▶ [The problem] Please write out only the lines from the line with "3、锅中放入腌好肉片,滚烫开" to the line with "степень особенно полезна", inclusive, exactly as they stand below, without the pictures.

▶ [Record set]
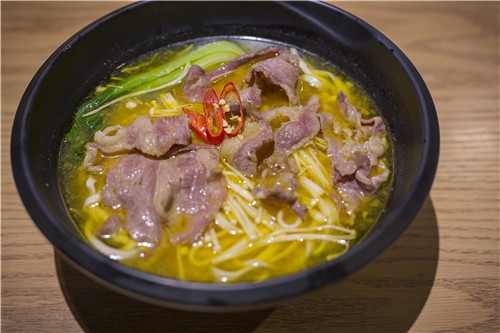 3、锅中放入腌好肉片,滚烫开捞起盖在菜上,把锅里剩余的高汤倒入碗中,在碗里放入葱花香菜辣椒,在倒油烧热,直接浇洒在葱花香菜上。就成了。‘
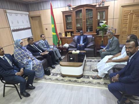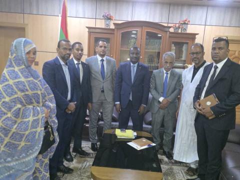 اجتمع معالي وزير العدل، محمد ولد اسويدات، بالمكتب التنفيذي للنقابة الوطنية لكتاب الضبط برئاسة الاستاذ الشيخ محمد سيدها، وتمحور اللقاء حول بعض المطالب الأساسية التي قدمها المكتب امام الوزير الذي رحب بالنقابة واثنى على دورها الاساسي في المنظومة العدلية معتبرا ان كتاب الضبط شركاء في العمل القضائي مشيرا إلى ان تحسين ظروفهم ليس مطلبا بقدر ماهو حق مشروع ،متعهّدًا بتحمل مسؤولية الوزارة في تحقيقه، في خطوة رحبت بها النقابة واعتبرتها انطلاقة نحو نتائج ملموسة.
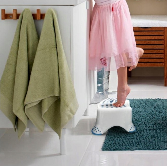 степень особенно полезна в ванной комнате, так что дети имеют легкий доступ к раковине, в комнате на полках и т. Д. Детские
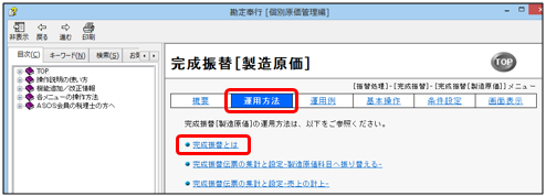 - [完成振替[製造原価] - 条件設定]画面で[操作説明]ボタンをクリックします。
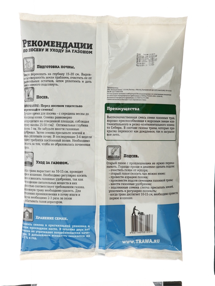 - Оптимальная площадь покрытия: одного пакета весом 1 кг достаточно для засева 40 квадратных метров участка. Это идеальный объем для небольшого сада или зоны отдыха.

...

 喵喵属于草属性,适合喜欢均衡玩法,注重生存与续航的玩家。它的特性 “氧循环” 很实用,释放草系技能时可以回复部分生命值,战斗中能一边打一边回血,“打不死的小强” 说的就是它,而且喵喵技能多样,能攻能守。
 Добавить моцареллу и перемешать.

▶ [Task answer]
 3、锅中放入腌好肉片,滚烫开捞起盖在菜上,把锅里剩余的高汤倒入碗中,在碗里放入葱花香菜辣椒,在倒油烧热,直接浇洒在葱花香菜上。就成了。‘
 اجتمع معالي وزير العدل، محمد ولد اسويدات، بالمكتب التنفيذي للنقابة الوطنية لكتاب الضبط برئاسة الاستاذ الشيخ محمد سيدها، وتمحور اللقاء حول بعض المطالب الأساسية التي قدمها المكتب امام الوزير الذي رحب بالنقابة واثنى على دورها الاساسي في المنظومة العدلية معتبرا ان كتاب الضبط شركاء في العمل القضائي مشيرا إلى ان تحسين ظروفهم ليس مطلبا بقدر ماهو حق مشروع ،متعهّدًا بتحمل مسؤولية الوزارة في تحقيقه، في خطوة رحبت بها النقابة واعتبرتها انطلاقة نحو نتائج ملموسة.
 степень особенно полезна в ванной комнате, так что дети имеют легкий доступ к раковине, в комнате на полках и т. Д. Детские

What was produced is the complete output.